Rigor Vitae: Life Unyielding

Sunday, February 05, 2006

ASK THE SCIENCE PRESIDENT!

We saw him campaign as the “Compassionate Conservative.” We saw him land on an aircraft carrier as a lost member of the Village People. Now, after careful market research, the Bush White House staff proudly present his latest incarnation: George Bush, Science President.

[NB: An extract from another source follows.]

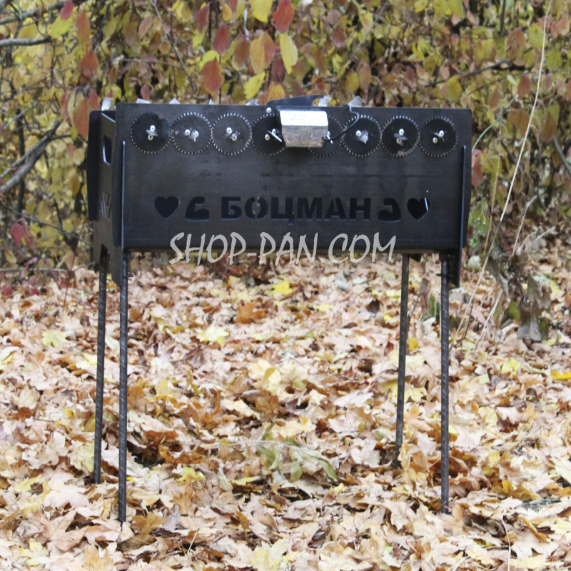 Мангал на длинных ножках со встроенной шашлычницей и мотором на 12 шампуров 3 мм

Bush's new character was launched last week with the unveiling of his “American Competitiveness Initiative,” which will ensure a strong grounding in math and science for the nation's children. This is good news for you, good news for me, and good news for America. Bush will secure Federal funding to train 70,000 new AP teachers at respected learning centers like the Discovery Institute and Bob Jones University. No longer will science be the domain of undisciplined, loose cannons like James Hansen. His ilk will be replaced with a proud corps of freedom-loving, God-fearing Lysenkos who know how to toe the line. Their rigorous training will enable them to find the evidence for whatever conclusions the national interest demands. Let's see those Asians top that! Yes, there's a proud tomorrow on the horizon for America.

God bless this blog.

2 Comments:

Anonymous Anonymous said...

http://www.environmental-action.org/gw.asp?id=1319&id4=ES

1:05 PM  
Anonymous Carl Buell (OGeorge) said...

Finally, our science teachers will be in a league of their own...the Bush league.